Since these agreements were drafted, however, technology has drastically changed: today, genetic material can be digitally sequenced, stored in databases, and shared with the click of a button. As drafted, current international regimes that tie access and benefit-sharing obligations to the use of physical genetic resources do not address the rise of digital genetic resources. This allows users of DSI to bypass established international treaties and not share benefits derived from access.

A New International System

Since 2016, international negotiations have begun addressing the challenges that arise now that research methods can substitute use of physical biological material with DSI.

At present – and except where national laws dictate otherwise – it is possible to access and use DSI from plants that are subject to international treaties without triggering benefit-sharing obligations. This lack of benefit-sharing is unsatisfactory to many and has become deeply controversial.

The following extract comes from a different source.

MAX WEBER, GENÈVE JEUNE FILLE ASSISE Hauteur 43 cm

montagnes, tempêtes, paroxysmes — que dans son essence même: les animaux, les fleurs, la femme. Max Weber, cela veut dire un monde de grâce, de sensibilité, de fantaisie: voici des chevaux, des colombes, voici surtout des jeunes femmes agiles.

While support for access and benefit sharing is generally high, there are concerns it may limit or eliminate open access to DSI, which fuels research and innovation. For example, DSI was used to design the diagnostic kits and vaccines that saved millions of lives during the COVID-19 pandemic. It has also played an important role in taxonomy, identifying and mitigating risks to threatened species, tracking illegal trade, identifying the geographical origin of products, and planning conservation management.

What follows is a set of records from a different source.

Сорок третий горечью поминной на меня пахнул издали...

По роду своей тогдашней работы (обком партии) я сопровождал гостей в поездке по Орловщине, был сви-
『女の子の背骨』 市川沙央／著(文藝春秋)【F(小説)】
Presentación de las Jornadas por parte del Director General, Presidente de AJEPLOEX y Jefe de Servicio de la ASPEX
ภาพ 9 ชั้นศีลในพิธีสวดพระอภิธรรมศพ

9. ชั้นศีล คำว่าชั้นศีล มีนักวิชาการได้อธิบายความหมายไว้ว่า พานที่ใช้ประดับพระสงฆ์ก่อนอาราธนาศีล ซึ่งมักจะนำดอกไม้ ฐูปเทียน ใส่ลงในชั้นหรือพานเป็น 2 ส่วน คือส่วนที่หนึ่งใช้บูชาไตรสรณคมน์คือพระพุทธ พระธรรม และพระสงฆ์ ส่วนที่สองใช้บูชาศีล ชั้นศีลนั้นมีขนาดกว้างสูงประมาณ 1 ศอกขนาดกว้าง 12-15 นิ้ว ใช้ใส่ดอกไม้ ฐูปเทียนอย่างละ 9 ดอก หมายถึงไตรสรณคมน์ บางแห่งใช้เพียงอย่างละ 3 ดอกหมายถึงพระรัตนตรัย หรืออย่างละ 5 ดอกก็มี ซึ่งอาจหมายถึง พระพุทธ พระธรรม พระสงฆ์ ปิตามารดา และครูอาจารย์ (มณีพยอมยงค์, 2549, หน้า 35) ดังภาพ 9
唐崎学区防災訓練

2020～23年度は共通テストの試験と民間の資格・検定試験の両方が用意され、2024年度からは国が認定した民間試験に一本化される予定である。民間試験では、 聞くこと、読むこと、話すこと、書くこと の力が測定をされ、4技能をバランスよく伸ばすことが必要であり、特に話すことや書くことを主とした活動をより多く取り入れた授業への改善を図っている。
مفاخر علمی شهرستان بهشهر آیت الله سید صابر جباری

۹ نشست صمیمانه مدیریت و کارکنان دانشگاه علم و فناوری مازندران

In the absence of international consensus on DSI, it is likely that more and more countries will create their own regulations on access and benefit-sharing – generating a complex landscape for researchers and private sector actors to navigate, and potentially limiting the positive impacts DSI could have. Furthermore, too many differentiated national rules could lead users to seek out DSI from countries with the least restrictive arrangements leading to a “race to the bottom” and precluding many from benefit sharing.

Creating A Space for Open Discussion

It was in this context that Meridian convened a three-day meeting of relevant stakeholders from different sectors and geographies to explore options on regulation, access, and benefit-sharing. The impasse and complexities around DSI reinforce the need for a shared understanding of the implications of DSI for access and benefit-sharing. Our convening provided space for building this understanding in iterative, open-ended conversations. Discussions focused on how to move forward in a way that accounted for the underlying interests of the many parties involved in the formal negotiations.

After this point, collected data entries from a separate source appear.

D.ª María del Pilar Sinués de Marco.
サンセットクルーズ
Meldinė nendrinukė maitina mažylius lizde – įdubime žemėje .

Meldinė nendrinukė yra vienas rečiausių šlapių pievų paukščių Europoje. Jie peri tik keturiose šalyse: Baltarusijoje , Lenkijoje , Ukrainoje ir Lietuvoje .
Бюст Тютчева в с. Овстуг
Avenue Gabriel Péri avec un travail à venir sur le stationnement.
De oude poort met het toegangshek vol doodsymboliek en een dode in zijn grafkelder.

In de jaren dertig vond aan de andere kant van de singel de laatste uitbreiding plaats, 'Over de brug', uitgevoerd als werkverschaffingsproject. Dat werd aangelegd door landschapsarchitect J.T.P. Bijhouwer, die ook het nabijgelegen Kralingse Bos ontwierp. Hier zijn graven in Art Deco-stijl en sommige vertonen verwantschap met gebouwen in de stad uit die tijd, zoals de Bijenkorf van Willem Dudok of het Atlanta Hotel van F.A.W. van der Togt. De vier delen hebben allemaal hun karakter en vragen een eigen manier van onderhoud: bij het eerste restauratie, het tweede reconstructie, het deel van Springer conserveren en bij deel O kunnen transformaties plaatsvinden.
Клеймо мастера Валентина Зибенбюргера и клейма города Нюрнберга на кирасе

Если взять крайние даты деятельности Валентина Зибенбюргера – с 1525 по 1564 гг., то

 The greatest value in these three days is that here, we had the possibility to test our own ideas in an informal setting. As negotiators in formal spaces, we sometimes do not have the opportunity to say our own thoughts, and we have to defend to the end our country’s position. Here, we have openly talked with different stakeholders and experts, without judgement or compromise. It helps us come back to our own countries.”

– Participant at DSI convening

There was productive exploration of a multilateral system with a bilateral component. This path represents a significant opportunity if important details – especially how a global benefit-sharing fund would be established and governed, and the degree of bilateralism within a broadly multilateral system – can be agreed upon. Informal, generative conversations such as these help DSI stakeholders move into international negotiations on better terms, unlocking the benefits of DSI while ensuring countries and communities are supported in their stewardship of the world’s biodiversity.